Le fait marquant de ce jour n’est pas la énième tentative de Nidaa de rafistoler les brèches. Ce n’est pas non plus la querelle entre religieux de tendances plus ou moins régressistes et se battant pour une autorité religieuse inexistante. Ce n’est pas non plus la querelle entre des syndicats estudiantins basés sur des idéologies ennemies. Le fait majeur de ce vendredi 13 est la mort d’un jeune de 16 ans, à Jelma, dans le gouvernorat de Sidi Bouzid. Le berger a été égorgé par une cellule terroriste basée dans la région précitée. Sa tête aurait été remise à un ami qui l’accompagnait au moment où un groupe de 20 terroristes les aurait encerclés. Celui-ci aurait été chargé, selon le témoignage d’un de ses proches, d’informer la famille du défunt et de lui remettre la tête de son ami.

 

Ce crime odieux est loin d’être le premier acte dans le genre : il s’agit d’un mode opératoire auquel les terroristes ont déjà eu recours.
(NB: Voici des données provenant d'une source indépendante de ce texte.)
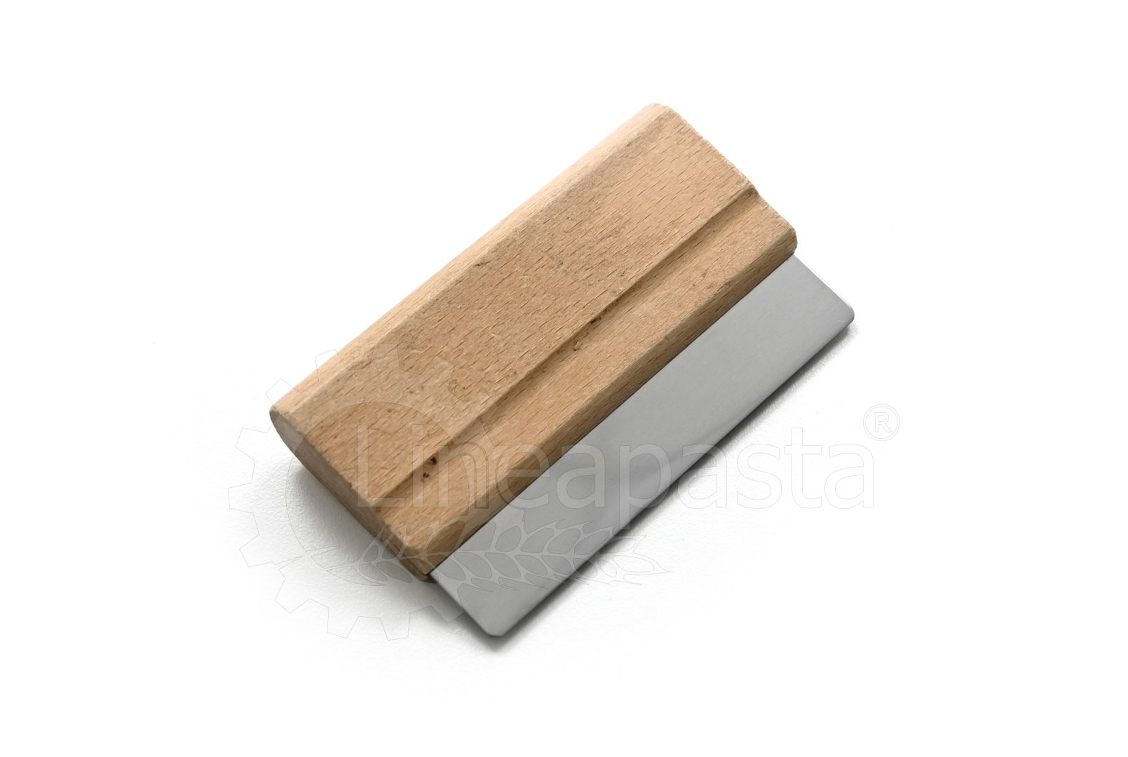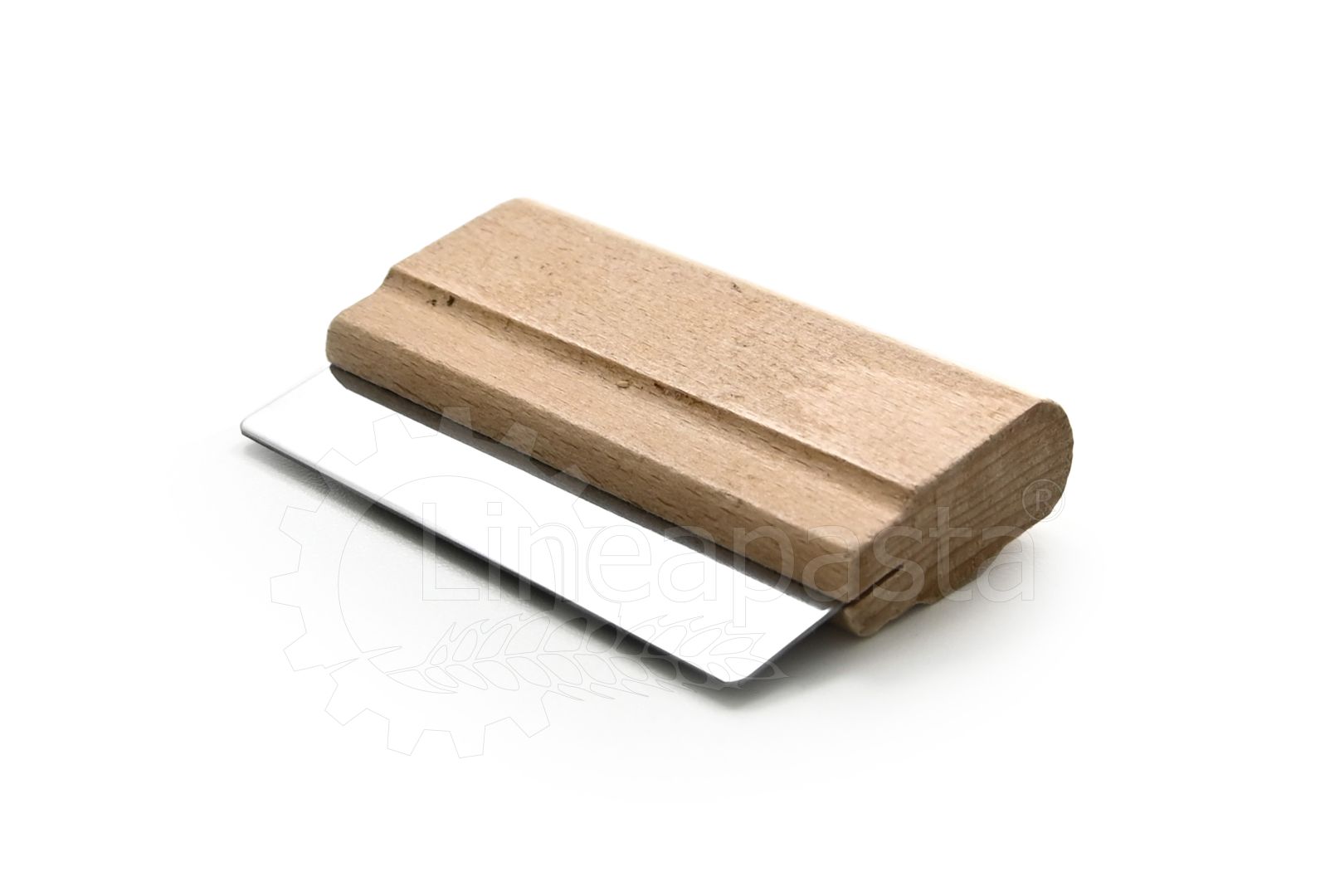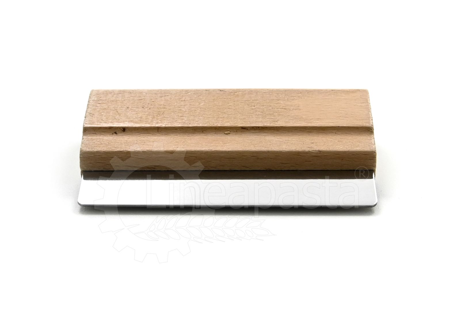 70 mm wide stainless steel dough cutter / scraper, equipped with a comfortable wooden handle, is made of robust and durable material. This tool, suitable for both professional and home use, is designed for manually cutting extruded dough and for cleaning the work surface during the production phase of dough such as for pasta, pizza, biscuits or desserts.
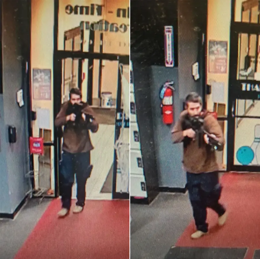 Μια φωτογραφία που εξέδωσε η αστυνομία δείχνει έναν λευκό άνδρα με ένα τουφέκι τύπου AR-15 και ένα οπτικό λέιζερ να εισέρχεται στο κέντρο αναψυχής Sparetime, φορώντας μαύρο στρατιωτικό παντελόνι και καφέ μπλούζα. Το πρόσωπό του φαίνεται καθαρά.

Il y a un mois, un autre berger, Nejib Guesmi, avait été retrouvé mort après une annonce sur Twitter faite par Qatibete Okba Ibn Nefaâ. Le 29 octobre, c’est un autre berger Sami Ayari originaire du Kef qui a été retrouvé égorgé aux alentours du Mont Ouergha. La filiale maghrébine d’Al Qaida a revendiqué donc ces actes dans un communiqué puis dans une vidéo diffusée sur les réseaux sociaux et mettant en scène les aveux de feu Nejib Guesmi. Celui-ci y avouait une collaboration avec les forces sécuritaires.

 

Et c’est là le point commun entre ces assassinats ayant ciblé des bergers dans les régions montagneuses. Interrogés par les autorités pour les informations qu’ils auraient quant aux camps terroristes qu’ils auraient aperçus, les bergers achevés ont été repérés par lesdits terroristes et catalogués comme étant des ennemis à abattre. Car outre ce qui est perçu comme une collaboration avec l’ennemi, les personnes assassinées disposaient d’une connaissance des hauteurs investies par les terroristes et pouvaient, de ce fait, constituer une menace sérieuse pour ceux-ci.

 

Trois bergers tués, pour avoir collaboré avec la police et l’armée. Mais pas que ! Ils ont été sauvagement abattus pour servir de leçon. Les achever vise à terroriser toute la région et à marquer la population y résidant. Des habitants des régions en question avaient rapporté des faits de racket et de menaces les ayant ciblés. En effet, les terroristes venaient chercher chez eux des denrées alimentaires, essentiellement. Tuer et le faire savoir d’une manière étendue permet donc aux terroristes occupant certaines hauteurs tunisiennes d’asseoir leur autorité sur des régions reculées. Ils y gagnent de véritables fiefs et mettent à leur service, par le biais de la peur, un pan de ces populations défavorisées. De petits émirats, en vue. Si les autorités ne se déploient pas dans ces régions de manière à assurer la sécurité des habitants ciblés, le but des terroristes sera en voie de réalisation.

 

Pendant que la terreur sévit, s’installe et s’étend dans cette Tunisie reculée mais non moins tunisienne que les grandes villes et leurs alentours, l’opinion publique est ailleurs. Elle patauge dans les marécages politiques et partisans et sombre dans la médiocrité générale qui en résulte. Un jeune tunisien égorgé en devient un simple fait divers, dans ce paysage médiatique parasité par la politique vilement politicienne et qui banalise ainsi les actes les plus odieux au regard d’une société s’habituant à l’horreur. Paix aux âmes de ceux qui continuent à nourrir cette terre de leur sang.